Lewis Grabban is a goalscorer first and foremost, but he is so much more than that for Nottingham Forest.

When the Reds invested £6 million in his services last summer, they were buying into end product.

As a proven performer in the Championship, here was a man who ticked all of the right boxes.

Forest were in need of a frontman to fill the attacking void left by Britt Assombalonga.

They were also crying out for somebody capable of hitting the fabled 20-goal mark.

It has been 16 years since a striker gracing the Gabribaldi reached that target – David Johnson back in 2002-03.

Grabban is just four away.

In an ideal world, he would have already surged past that point.

There have been dips, though, with a six-game run without a goal opening his Reds career.


(Photo by Adam Fradgley – AMA/WBA FC via Getty Images)

He also went nine matches without finding the target from December 1 to February 9.

Grabban is, however, not your archetypal fox in the box.

Many of his outings this season have come as a lone frontman, and he has not always had much to feed off.

To have recorded 16 efforts across all competitions is some achievement.

He has also conjured up three assists – only Joe Lolley, Joao Carvalho and Ben Osborn have more.

The 31-year-old has embraced what is being asked of him and tried his utmost to deliver.

That determination has been brought into focus during his last two appearances against Brentford and West Brom.

A welcome return to the scoresheet was made against the Bees, while missing another penalty.


It was his work rate that stood out, though, with countless runs made towards seemingly lost causes.

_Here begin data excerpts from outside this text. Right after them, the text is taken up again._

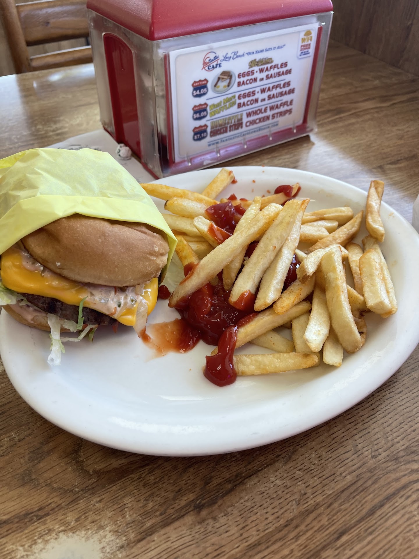 CHECK PRICES IN YOUR RECEIPT AND MENU!!! They are liars and thieves! I saw the tag with waffle deal at the cashiers register for $4.05 Anytime (see pics). When I paid and checked my receipt I saw I was chargerd $5.05. I asked why if the tag clearly says “Anytime $4.05”? The lady tried to remove the tag, but I was faster and made a pic of it. I called for the manager and asked why they do that? He said “Anytime 4.05” is not a price, but name of the freeway. Really? I asked him where is it freeway 4.05 (four point zero five). He was insisting it is a name of the freeway. And interesting that price in my receipt looks very familiar 5.05, isn’t it? He couldn’t explain why there is also word ANYTIME in front of 4.05. When I became very angry he admitted, that it was a price 4.05 before, but they raised it to 5.05 and I’m not the only one who complained about it. So the manager lied to me from the very beginning trying to fool me. Ok. And? Why the tag with wrong price was still there? I came 1 month later and that tag is still on the counter misleading customers. So they are literally thieves and they know it. Stealing from each customer at least $1 every day many many many...
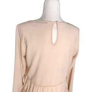 Features long sleeve top, flowy, ruffled tiered details, small cutout detailing, hi-low hem, key hole back. Color is a peachy light pink. 100% polyester.
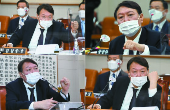 윤석열 검찰총장이 22일 국회에서 열린 법제사법위원회 대검찰청 국정감사에서 의원들과 질의응답을 하고 있다. 뉴스1 |
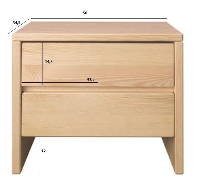 Nabízíme Vám kvalitní dřevěný noční stolek disponující dvěma šuplíky. Celodřevěné korpusy zásuvky jsou na kovových kolečkových výsuvech dovolující dvoutřetinové otevření. Použitý materiál je kvalitní masivní dřevo z borovice. Díky svému minimalistickému designu se hodí do klasického i moderního interiéru. Noční stolek Vám skvěle poslouží jako úložný i odkládací prostor u postele pro knihy, časopisy nebo brýle.
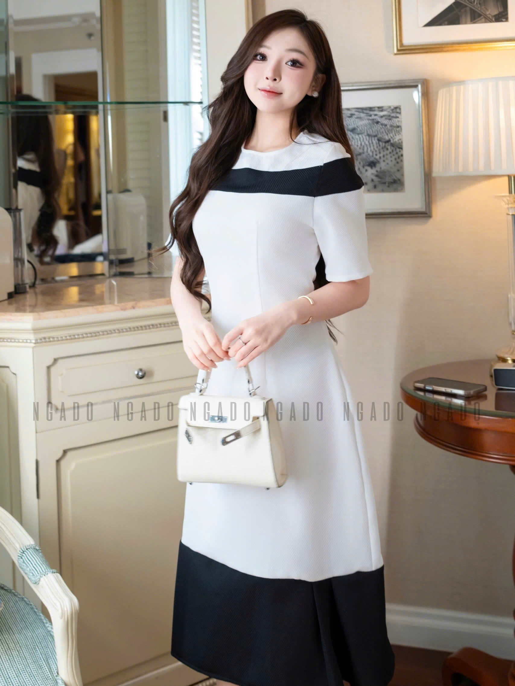 ღ THÔNG TIN SẢN PHẨM: Tên sản phẩm: Đầm trắng cổ tròn phối đen Màu sắc: trắng phối đen Chất liệu: chất bố Chi tiết sản phẩm: không lót, không túi.

The same was true at The Hawthorns on Tuesday.

Grabban often had no right to get to a ball lumped rather aimlessly in his direction, but he found a way to shed light over a blind alley.

Of those to have figured in both of Forest’s last two fixtures, only Jack Robinson has posted better passing accuracy than Grabban and nobody has been more involved in the opposition half of the field.

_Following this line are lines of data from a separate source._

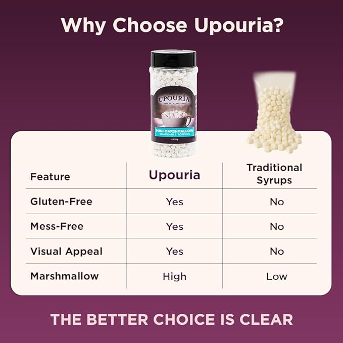 - CHOSEN FOR QUALITY, LOVED FOR TASTE: Only the finest ingredients are used in creating this premium dessert and hot chocolate topper, ensuring your beverage is enhanced with the crunchy deliciousness of upouria mini marshmallows .
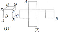 把图(1)的正方体表面展开成图(2)时,有一个面的4条棱都没有被剪开,这个面是正方形______(用字母表示).
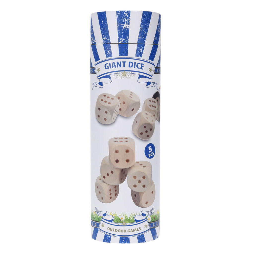 Beleef uren speelplezier met dit dobbelspel van 100% FSC hout. De set bestaat uit 5 grote dobbelstenen. De dobbelstenen zijn 5,5 x 5,5 x 5,5 cm.
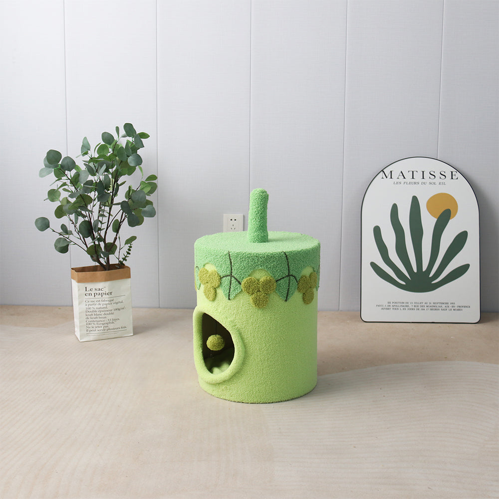 Create a serene sanctuary for your cat with the CATIO Green Grape Cat House. Designed with a round entrance that leads to a private and secure space where your cat can relax and enjoy moments of tranquillity. The hanging green plush ball at the entrance invites playful swatting and batting, keeping your cat entertained and the spacious cylinder shape ensures that your cat has ample room to move and stretch comfortably.
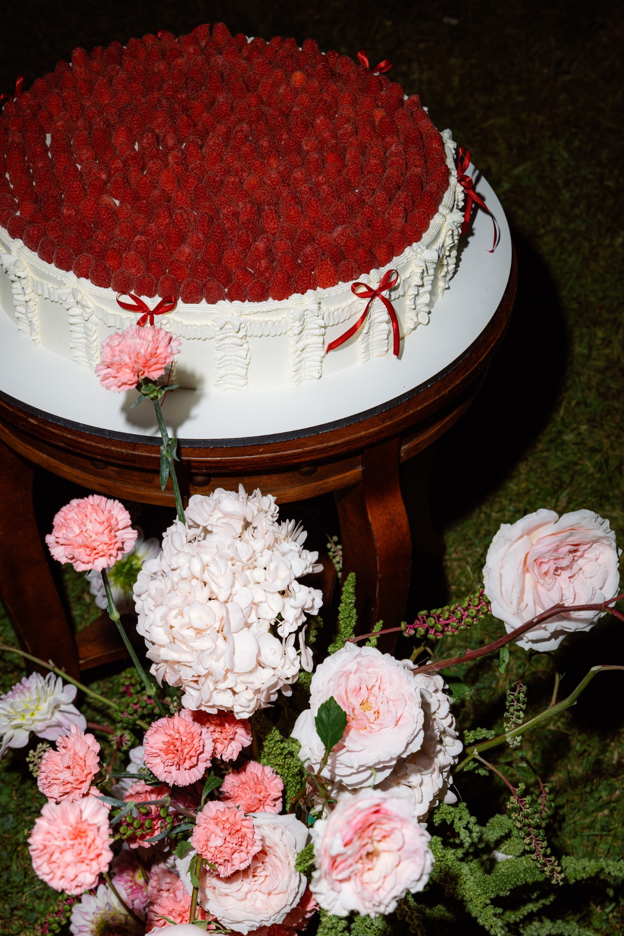 Торт тоже был с ягодами и красными бантиками, невероятно вкусный. Дизайн мы также выбирали с организаторами.

That is, of course, his domain and you would expect him to figure prominently.

There are, however, plenty of strikers out there who consider their work to be done in and around the penalty area.

Grabban is not that type and will drop deep or wide in order to get involved or bring others into play.

As the sole attacking focal point much of the time, Forest need him to do that running.

The graft is proving to be as welcome as the goals – of which there should be many more to come.